Поэтому в свой последний день в Бражелоне виконт получил разрешение съездить попрощаться с мадемуазель де Лавальер. Эти несколько минут ничего не значили по сравнению с разлукой в несколько лет.
Когда Рауль вернулся, они с отцом отправились в фехтовальную залу. Атос помнил, что "перед смертью не надышишься", но все же хотел еще и еще раз проверить сына, дать те советы, о которых позабыл, исправить упущения, не замеченные раньше.
Он давно уже не давал виконту никаких поблажек, также и Рауль расстался со своими иллюзиями об отцовской слабости.
Они сражались всерьез. Два воина, не ищущие развлечений.

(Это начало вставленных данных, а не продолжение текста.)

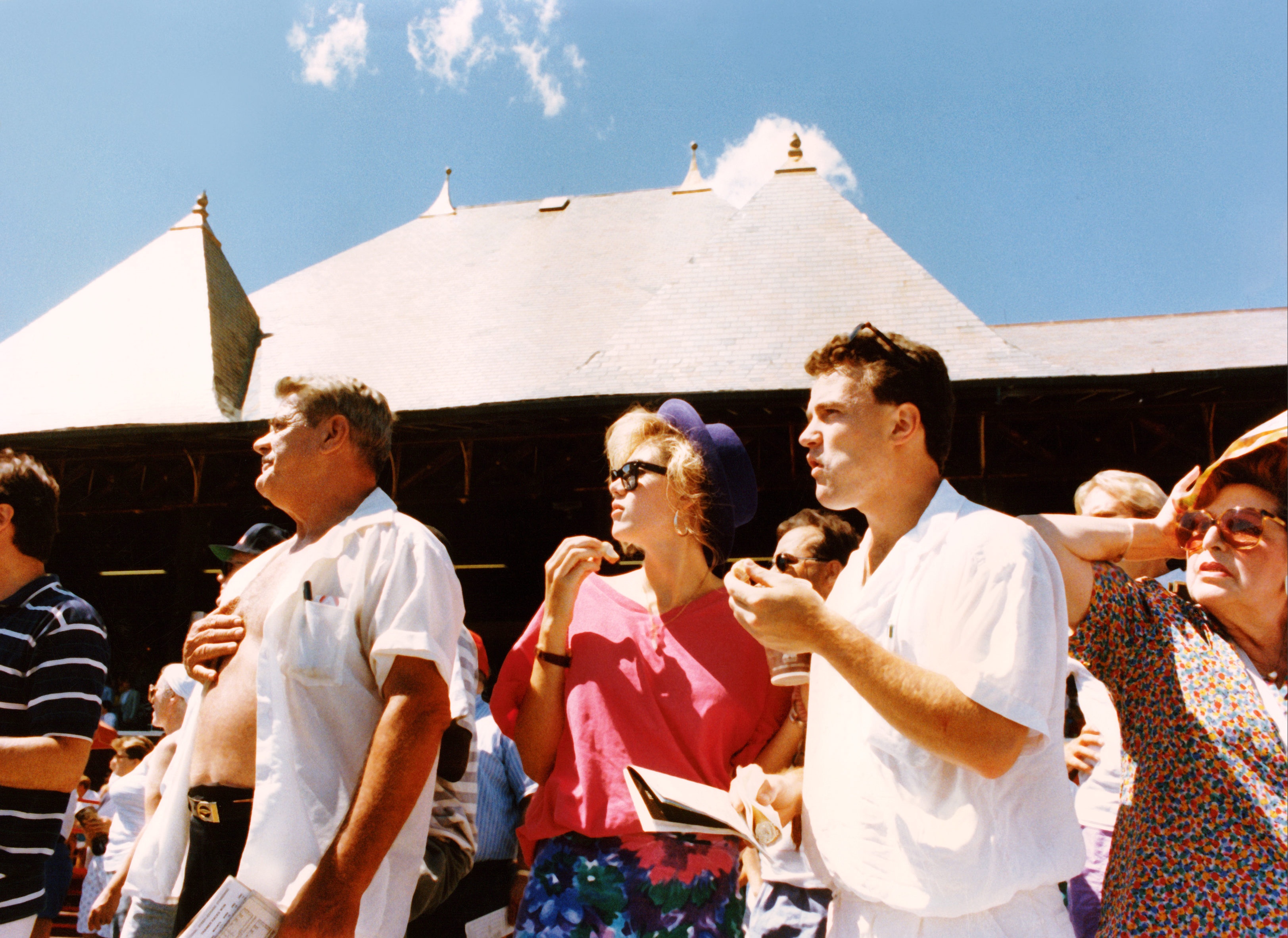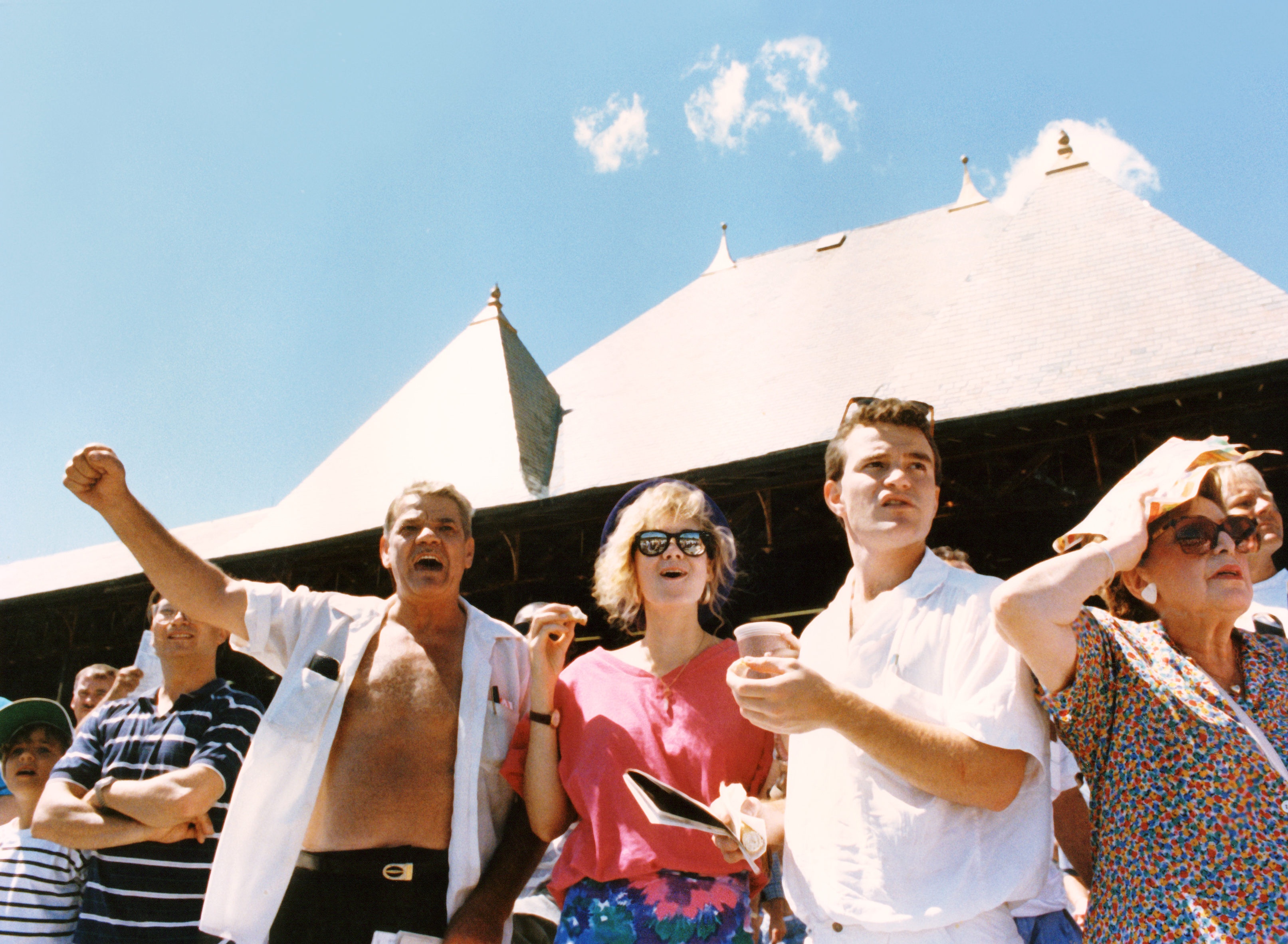 Father and Son at Saratoga cheer on their horses as they approach the finish line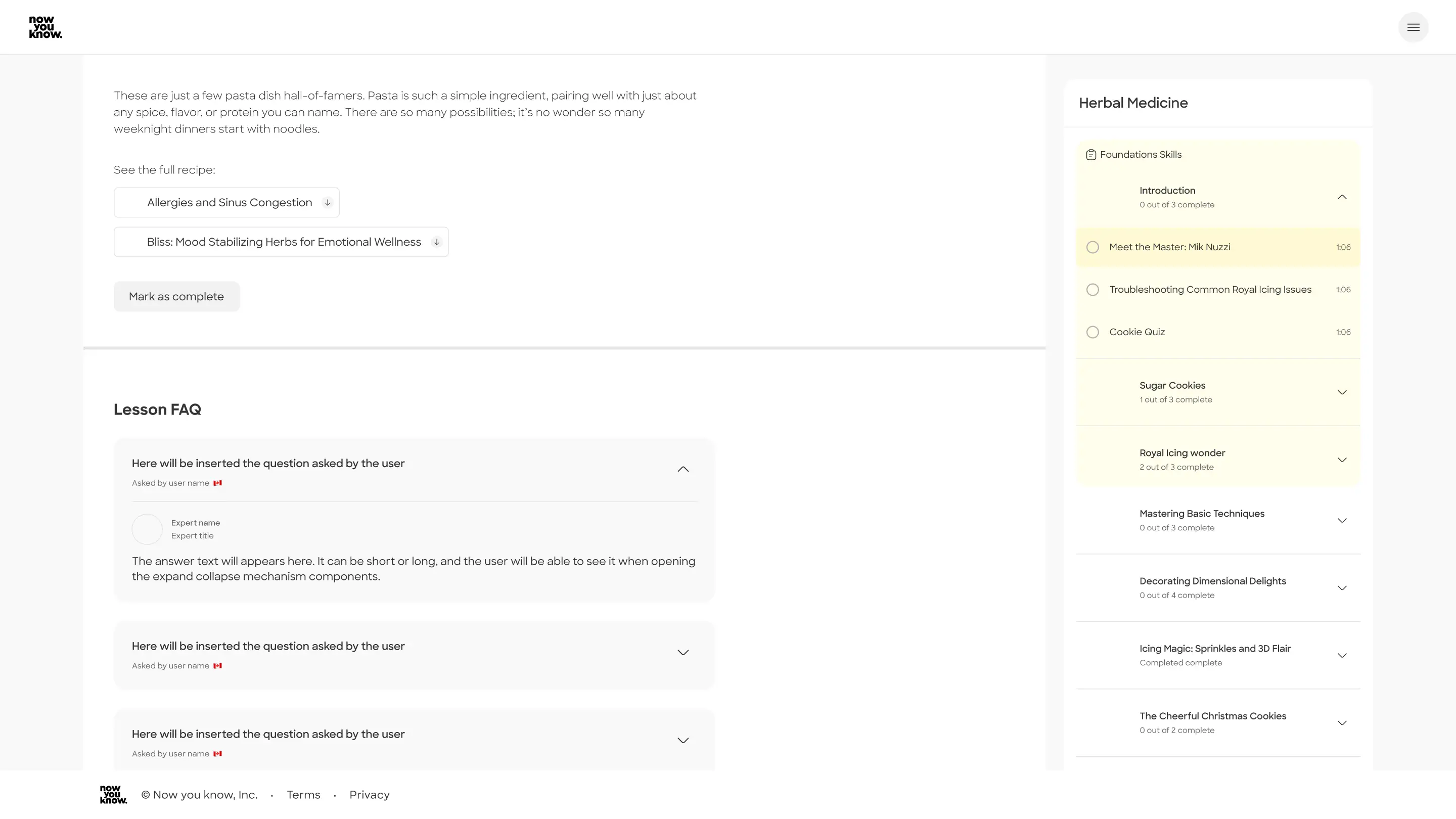 This allows the user an easy access to asking questions. I understood asking a question is just one of the main actions a user might want to do while viewing the lesson. Answers can still be viewed separately.

Их поединок затянулся до вечера, когда они уже с трудом различали друг друга в сумерках, но все же не посчитали нужным позвать слугу зажечь свечи.
Атос первым опустил шпагу, но эта уступчивость не обманула виконта. Он прекрасно видел, что отец еще может продолжать.
— Думаю, довольно. Вам нужно сегодня лечь пораньше, чтоб как следует отдохнуть перед завтрашней дорогой.
— Вы больше ничего не хотите мне сказать? Мне показалось, Вы были не всем довольны.
— Присядем.
Они сели прямо на пороге, на ступеньках, наслаждаясь вечерней прохладой, и почти полностью скрытые темнотой.
— Я хотел обратить Ваше внимание, виконт, на одно обстоятельство. Вы можете посчитать это придирками...
Рауль схватил графа за руку, пытаясь возразить, но Атос мягким ответным пожатием остановил его:
— ...но все же выслушайте. В Ваших действиях порой проявлялась горячность. О! Это прекрасное качество для воина! Наш друг, д'Артаньян, ведомый подобным азартом творил чудеса, без труда повергая тех, кто обладал большим опытом, но осторожничал. Поймите правильно, я ни в коей мере не призываю Вас к излишней сдержанности. Но... я нарочно привел Вам в пример д'Артаньяна. Он горяч, но горяч по природе, что прекрасно сочетается в нем с умом и осторожностью. Вы же другое дело. Стараясь показать себя отчаянным, Вы, в известной степени, принуждаете себя. Это усилие заставляет Вас думать не о противнике, а о том, достаточно ли отважным Вы выглядите в его глазах. Поверьте, Рауль, хладнокровно проткнутый шпагой, ничем не отличается от поверженного в азарте.
Виконт рассмеялся.
— Неужели я так старался поразить Вас своей отвагой?
— Дело в том, что в такие моменты Вы думаете о себе, а должны бы о противнике. Если горячность д'Артаньяна это свойство его характера, проявляемое естественно, то Вам приходится изображать его, а насилие над своей природой никогда не приведет ни к чему хорошему. Надо знать себя. Только так Вы сможете не только пестовать в себе хорошее, но и избавляться от недостатков. Обманывать самого себя — вот худшая услуга, которую можно оказать себе. Цените свои достоинства, и не гонитесь за чужими. Но...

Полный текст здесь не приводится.